227.The foundation stage comprises: early learning goals, which set out what most children are expected to achieve by the end of the foundation stage; six areas of learning; Curriculum guidance for the foundation stage, on which the education programmes of all publicly funded provision must be based; and a foundation stage profile, which assesses attainment at the end of the foundation stage. The foundation stage profile will summarise each child’s progress in each area of learning and will provide substantial evaluative information about each child.
228.The section also gives the Secretary of State power to amend the areas of learning.
Sections 84 to 86: The key stages in England and the power to alter or remove requirements for the fourth key stage
229.Sections 84 and 85 re-enact sections 353 and 354 of the EA 96, listing the subjects which are compulsory at each key stage and stating that the National Curriculum is to specify attainment targets, programmes of study and assessment arrangements in relation to each subject for each key stage. Section 86 adds a broad power to alter or remove requirements for the fourth key stage.
230.The requirements of the National Curriculum are now described separately in relation to the Foundation stage, key stages 1 to 3 and key stage 4. This will allow for different provisions to apply at each stage. Separating out key stage 4 from the others allows for new requirements for this age group to be introduced in the future.

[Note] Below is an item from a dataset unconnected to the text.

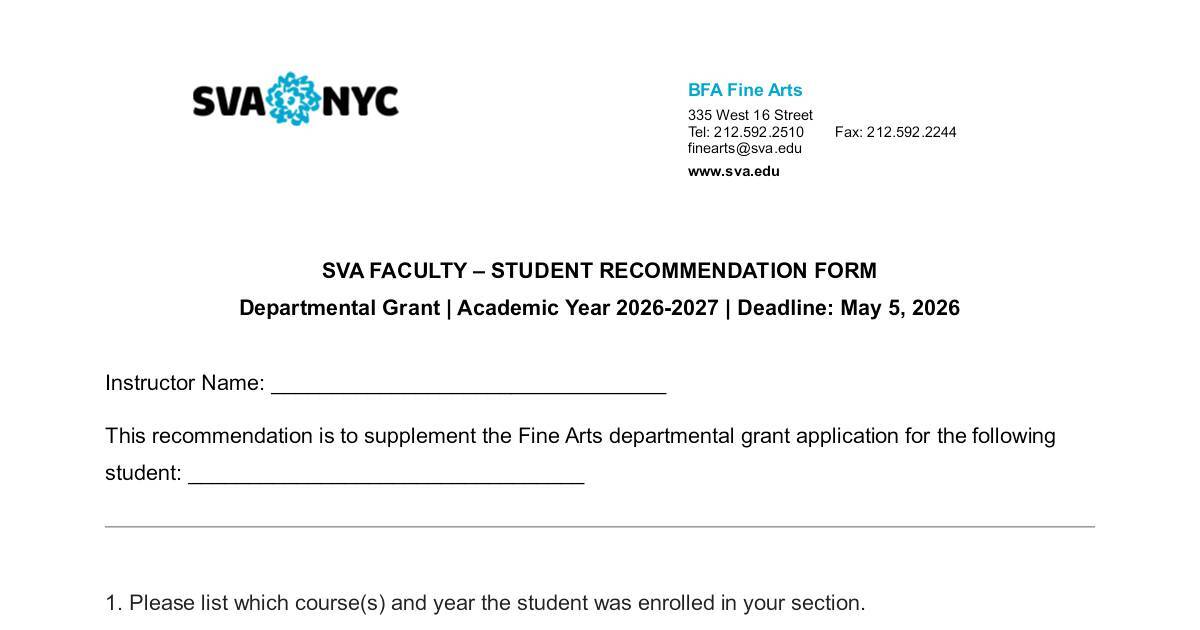 SVA FACULTY – STUDENT RECOMMENDATION FORM

231.In reproducing in sections 84 and 85 the lists of foundation subjects from section 354 of the EA 96, the reference to “technology” has been replaced by references to “design and technology” and “information and communication technology” (which are the subjects actually taught).

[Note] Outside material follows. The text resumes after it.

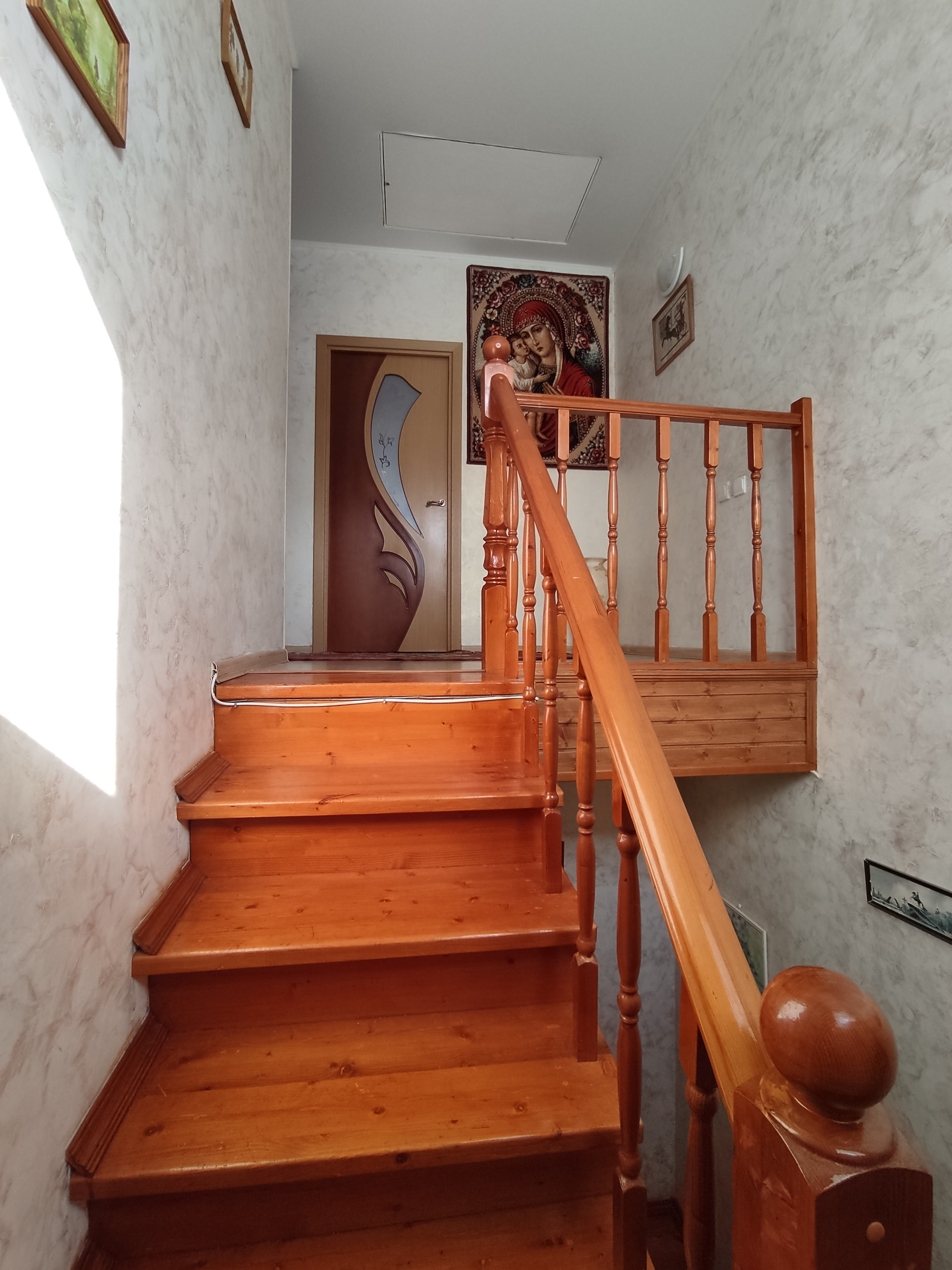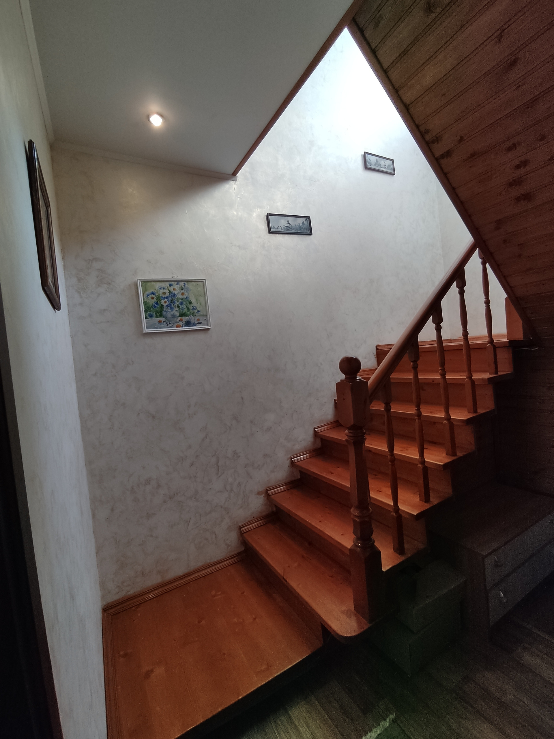1этаж- зал, кухня, с/у, кладовка, веранда(15кв с выходом на участок (2 сот). Дубовая лестница на второй этаж.

Section 87: Establishment of the National Curriculum for England by order
232.This re-enacts section 356 of the EA 96 to include the foundation stage. The Secretary of State has order-making powers to specify in relation to each of the foundation stage areas of learning, early learning goals, educational programmes and assessment arrangements as appropriate; and in relation to the key stages the attainment targets, programmes of study and assessment arrangements which she considers appropriate for each subject. The previous prohibition on the subject of science including sexually transmitted diseases and human sexual behaviour has not been re-enacted.
233.It extends order making powers in relation to the foundation stage to include all providers who are currently receiving Government early years education funding.

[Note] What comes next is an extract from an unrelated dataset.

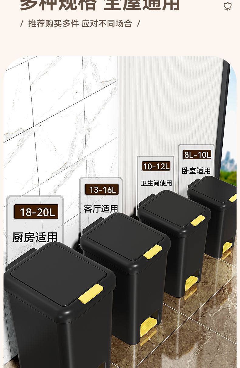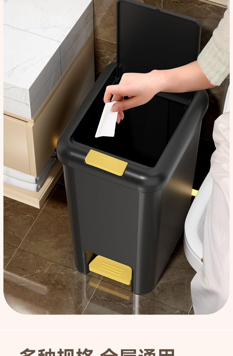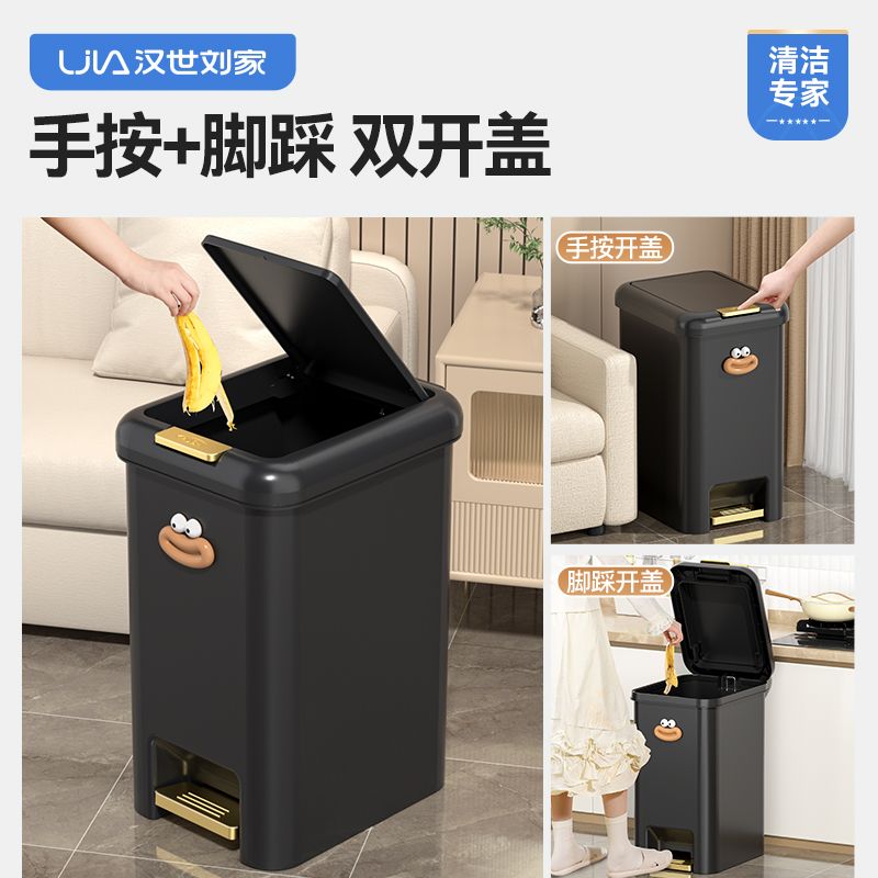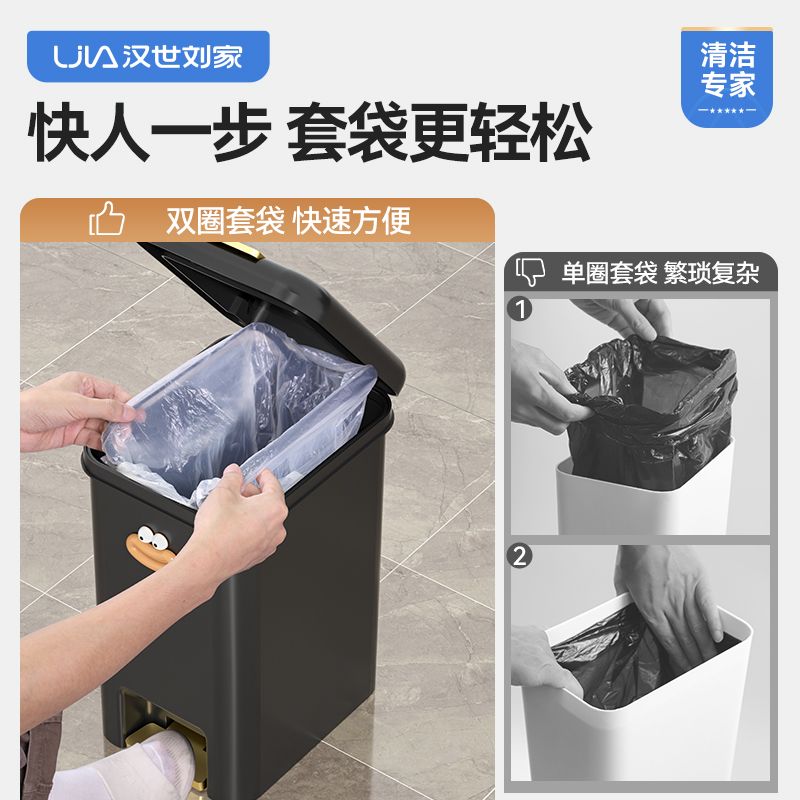 汉世刘家垃圾桶家用厨房卫生间脚踏式客厅厕所大容量带盖窄缝按压

Section 88: Implementation of the National Curriculum for England in schools
234.This re-enacts section 357 of the EA 96 in its application to England. It places a duty on LEAs, governing bodies and head teachers to ensure that the National Curriculum is implemented in maintained schools. This includes a new duty in respect of primary schools as the National Curriculum now includes the foundation stage.
Section 89: Implementation in respect of nursery schools etc
235.This extends the duty to ensure that the foundation stage of the National Curriculum is implemented to include all providers who are receiving Government early years education funding.
The National Curriculum for England: special cases
236.These sections re-enact sections 362-367 of the EA 96 for England, but add maintained nursery schools within the legislation.
Section 96: Procedure for making certain orders and regulations
237.This section re-enacts section 368 of the EA 96 in its application to England. It sets out the procedures which must be followed when the Secretary of State proposes to make orders or regulations relating to certain National Curriculum provisions. She must refer her proposal to QCA, which will carry out a consultation on it and report back to the Secretary of State with the results of the consultation and their advice on it. QCA’s report must be published, as must the Secretary of State’s response. The Secretary of State must then publish and consult on a draft of the proposed order or regulations and a statement explaining her reasons if she is failing to give effect to any of QCA’s recommendations. After that consultation period has closed, she may make the order or regulations with or without modifications.